> [Problem details]
Transcribe each record exactly; skip any picture.

Collection entries:
::::::

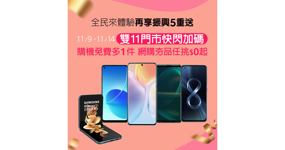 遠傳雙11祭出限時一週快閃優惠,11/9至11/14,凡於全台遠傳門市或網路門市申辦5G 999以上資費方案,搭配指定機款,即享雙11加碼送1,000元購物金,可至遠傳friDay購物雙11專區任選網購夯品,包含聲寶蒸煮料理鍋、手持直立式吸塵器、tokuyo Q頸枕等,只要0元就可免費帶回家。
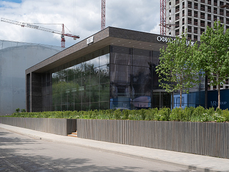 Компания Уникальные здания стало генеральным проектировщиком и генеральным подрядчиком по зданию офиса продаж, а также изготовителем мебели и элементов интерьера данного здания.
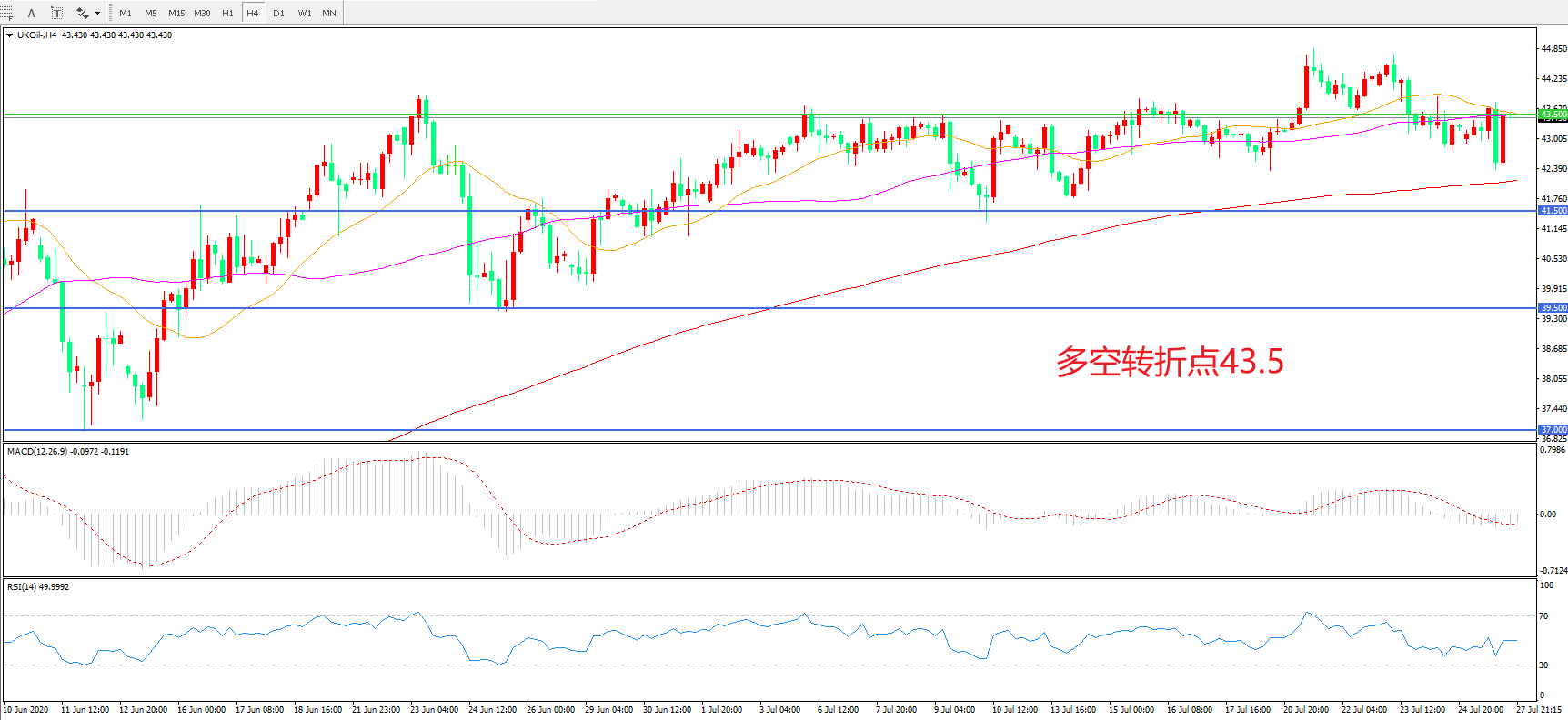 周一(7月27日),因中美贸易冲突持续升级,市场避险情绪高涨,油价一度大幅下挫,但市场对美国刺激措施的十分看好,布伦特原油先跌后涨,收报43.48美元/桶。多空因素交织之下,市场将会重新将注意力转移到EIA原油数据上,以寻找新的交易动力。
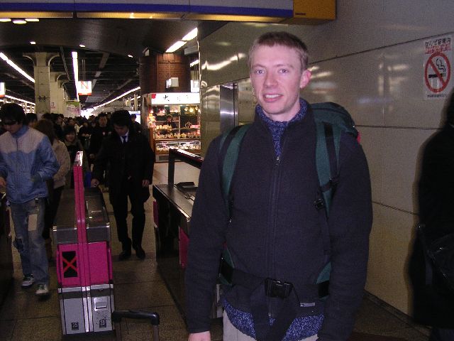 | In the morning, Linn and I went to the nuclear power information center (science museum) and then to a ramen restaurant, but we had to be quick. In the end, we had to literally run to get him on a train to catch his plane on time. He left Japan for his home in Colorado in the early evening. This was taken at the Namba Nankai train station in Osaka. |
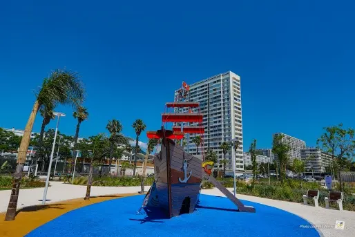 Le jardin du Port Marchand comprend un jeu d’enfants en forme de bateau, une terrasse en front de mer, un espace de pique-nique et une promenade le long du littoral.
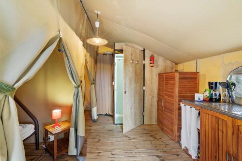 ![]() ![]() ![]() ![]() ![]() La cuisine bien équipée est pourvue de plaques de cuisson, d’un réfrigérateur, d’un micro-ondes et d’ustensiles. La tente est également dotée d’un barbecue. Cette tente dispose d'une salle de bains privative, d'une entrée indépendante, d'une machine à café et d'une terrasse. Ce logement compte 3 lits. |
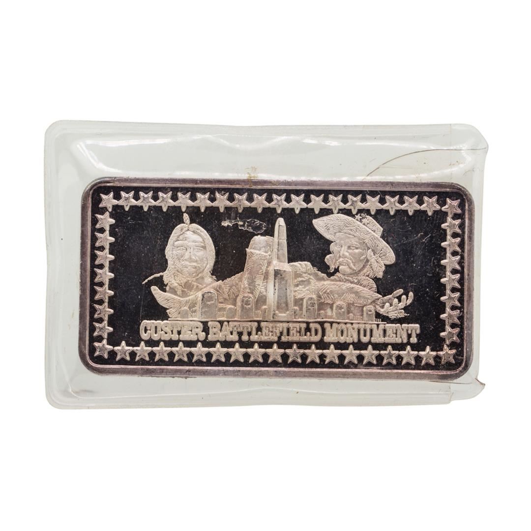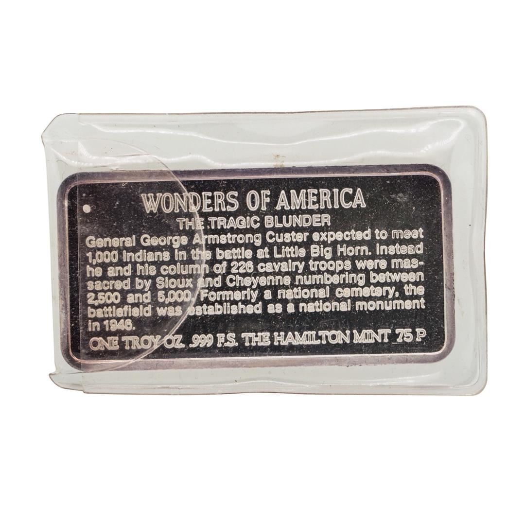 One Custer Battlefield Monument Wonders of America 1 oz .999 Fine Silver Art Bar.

::::::

> [Response box]
 遠傳雙11祭出限時一週快閃優惠,11/9至11/14,凡於全台遠傳門市或網路門市申辦5G 999以上資費方案,搭配指定機款,即享雙11加碼送1,000元購物金,可至遠傳friDay購物雙11專區任選網購夯品,包含聲寶蒸煮料理鍋、手持直立式吸塵器、tokuyo Q頸枕等,只要0元就可免費帶回家。
 Компания Уникальные здания стало генеральным проектировщиком и генеральным подрядчиком по зданию офиса продаж, а также изготовителем мебели и элементов интерьера данного здания.
 周一(7月27日),因中美贸易冲突持续升级,市场避险情绪高涨,油价一度大幅下挫,但市场对美国刺激措施的十分看好,布伦特原油先跌后涨,收报43.48美元/桶。多空因素交织之下,市场将会重新将注意力转移到EIA原油数据上,以寻找新的交易动力。
 | In the morning, Linn and I went to the nuclear power information center (science museum) and then to a ramen restaurant, but we had to be quick. In the end, we had to literally run to get him on a train to catch his plane on time. He left Japan for his home in Colorado in the early evening. This was taken at the Namba Nankai train station in Osaka. |
 Le jardin du Port Marchand comprend un jeu d’enfants en forme de bateau, une terrasse en front de mer, un espace de pique-nique et une promenade le long du littoral.
 ![]() ![]() ![]() ![]() ![]() La cuisine bien équipée est pourvue de plaques de cuisson, d’un réfrigérateur, d’un micro-ondes et d’ustensiles. La tente est également dotée d’un barbecue. Cette tente dispose d'une salle de bains privative, d'une entrée indépendante, d'une machine à café et d'une terrasse. Ce logement compte 3 lits. |
 One Custer Battlefield Monument Wonders of America 1 oz .999 Fine Silver Art Bar.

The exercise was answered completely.